* **Task objective**
The answer is an exact repetition of every entry, with all images left out.
---------- Material for this task
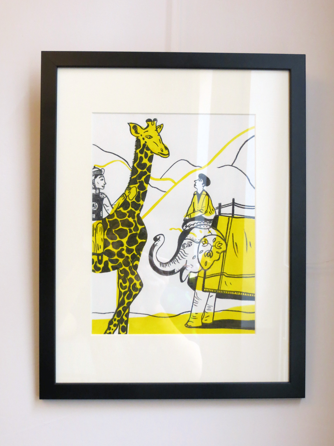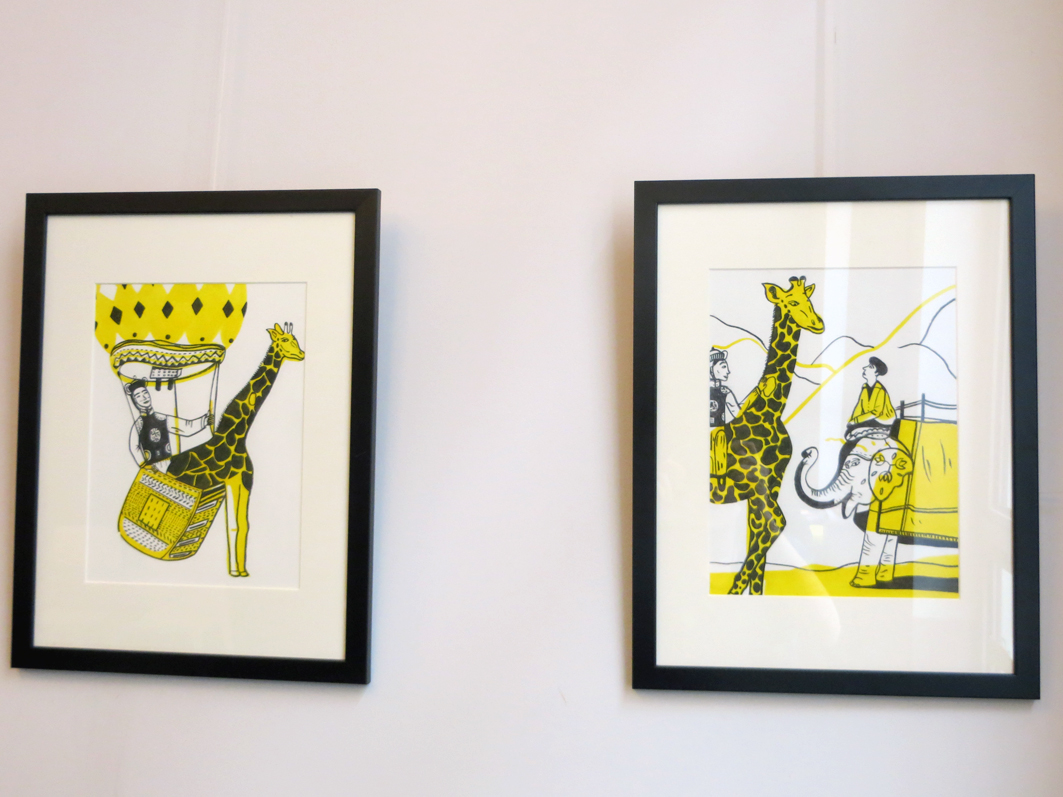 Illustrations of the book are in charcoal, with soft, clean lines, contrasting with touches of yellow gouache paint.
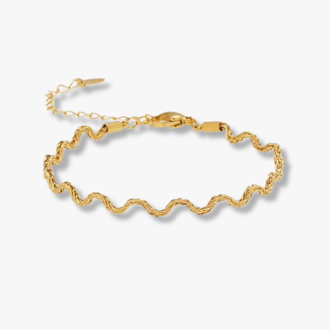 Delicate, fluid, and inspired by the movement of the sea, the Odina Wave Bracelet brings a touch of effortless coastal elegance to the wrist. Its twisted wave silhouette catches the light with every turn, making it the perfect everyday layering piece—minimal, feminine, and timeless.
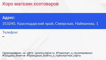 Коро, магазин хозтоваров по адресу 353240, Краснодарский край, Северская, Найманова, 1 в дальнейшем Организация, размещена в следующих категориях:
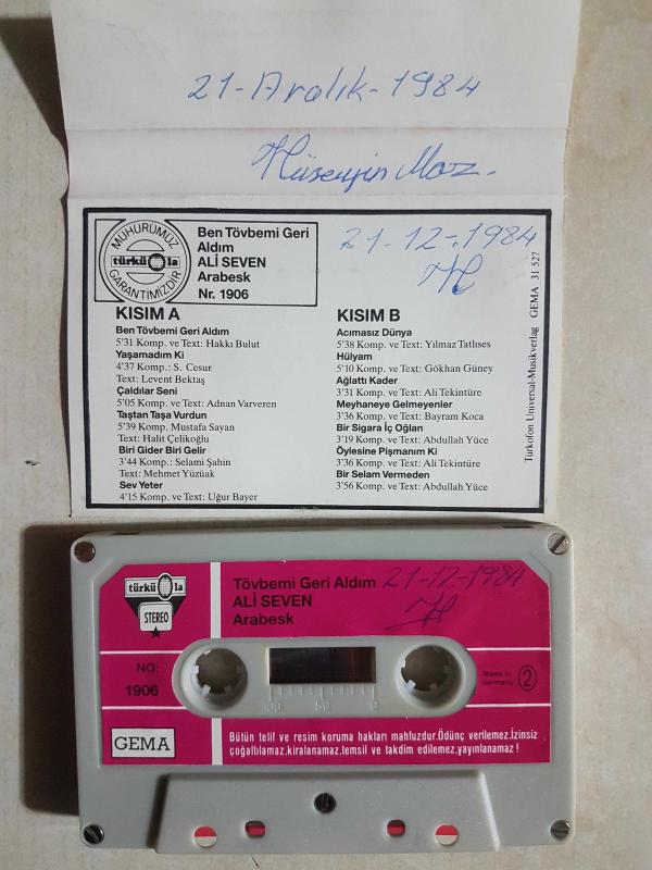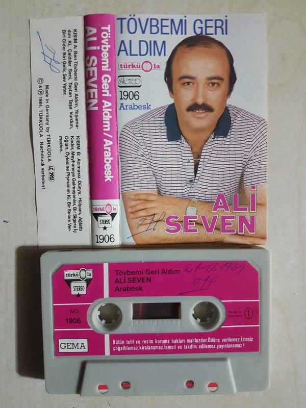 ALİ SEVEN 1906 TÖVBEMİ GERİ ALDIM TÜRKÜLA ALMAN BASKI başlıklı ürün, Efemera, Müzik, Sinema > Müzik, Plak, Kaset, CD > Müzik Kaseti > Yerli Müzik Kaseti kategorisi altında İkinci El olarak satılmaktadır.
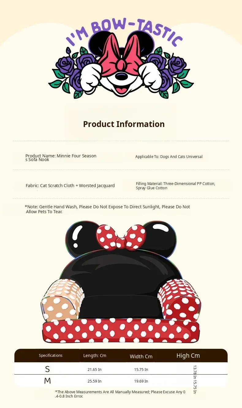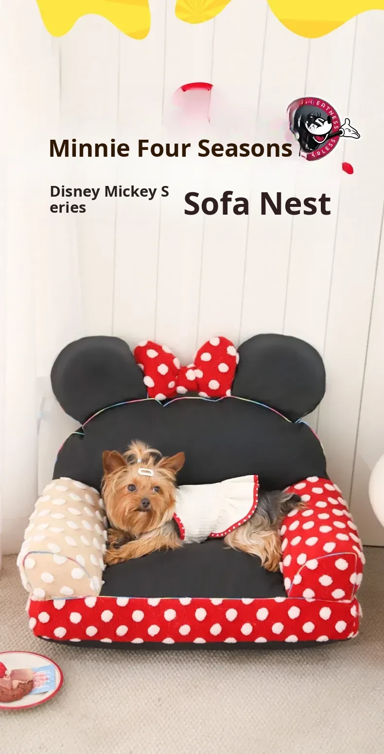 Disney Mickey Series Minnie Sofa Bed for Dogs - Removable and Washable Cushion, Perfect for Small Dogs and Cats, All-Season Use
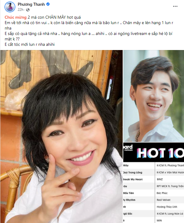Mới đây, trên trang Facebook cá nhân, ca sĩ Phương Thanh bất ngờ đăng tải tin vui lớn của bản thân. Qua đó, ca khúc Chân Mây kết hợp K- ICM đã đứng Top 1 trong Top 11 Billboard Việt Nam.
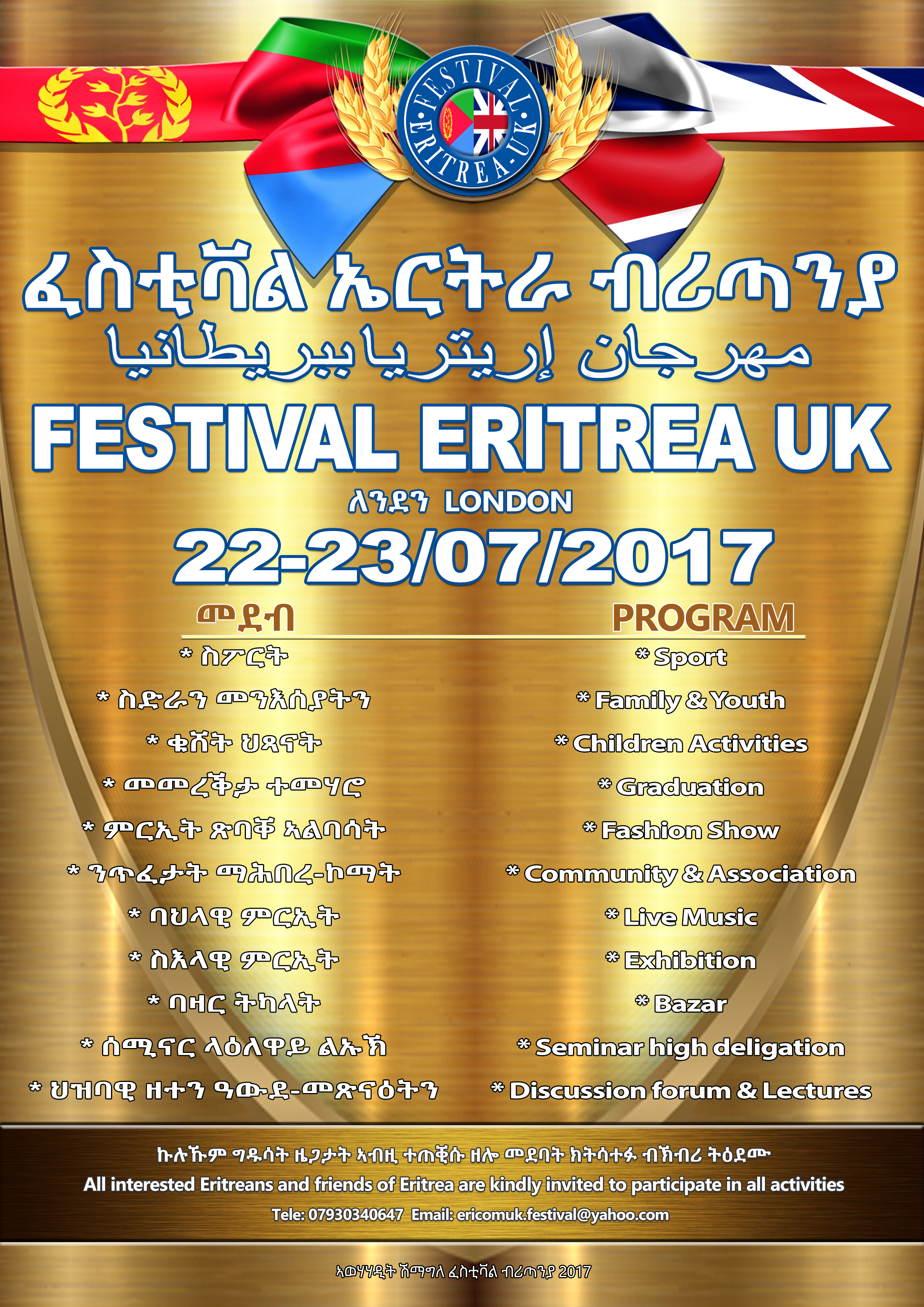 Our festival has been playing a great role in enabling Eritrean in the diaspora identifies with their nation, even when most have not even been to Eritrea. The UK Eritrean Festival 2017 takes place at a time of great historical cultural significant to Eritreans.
--------------------
* **The completed task**
 Illustrations of the book are in charcoal, with soft, clean lines, contrasting with touches of yellow gouache paint.
 Delicate, fluid, and inspired by the movement of the sea, the Odina Wave Bracelet brings a touch of effortless coastal elegance to the wrist. Its twisted wave silhouette catches the light with every turn, making it the perfect everyday layering piece—minimal, feminine, and timeless.
 Коро, магазин хозтоваров по адресу 353240, Краснодарский край, Северская, Найманова, 1 в дальнейшем Организация, размещена в следующих категориях:
 ALİ SEVEN 1906 TÖVBEMİ GERİ ALDIM TÜRKÜLA ALMAN BASKI başlıklı ürün, Efemera, Müzik, Sinema > Müzik, Plak, Kaset, CD > Müzik Kaseti > Yerli Müzik Kaseti kategorisi altında İkinci El olarak satılmaktadır.
 Disney Mickey Series Minnie Sofa Bed for Dogs - Removable and Washable Cushion, Perfect for Small Dogs and Cats, All-Season Use
Mới đây, trên trang Facebook cá nhân, ca sĩ Phương Thanh bất ngờ đăng tải tin vui lớn của bản thân. Qua đó, ca khúc Chân Mây kết hợp K- ICM đã đứng Top 1 trong Top 11 Billboard Việt Nam.
 Our festival has been playing a great role in enabling Eritrean in the diaspora identifies with their nation, even when most have not even been to Eritrea. The UK Eritrean Festival 2017 takes place at a time of great historical cultural significant to Eritreans.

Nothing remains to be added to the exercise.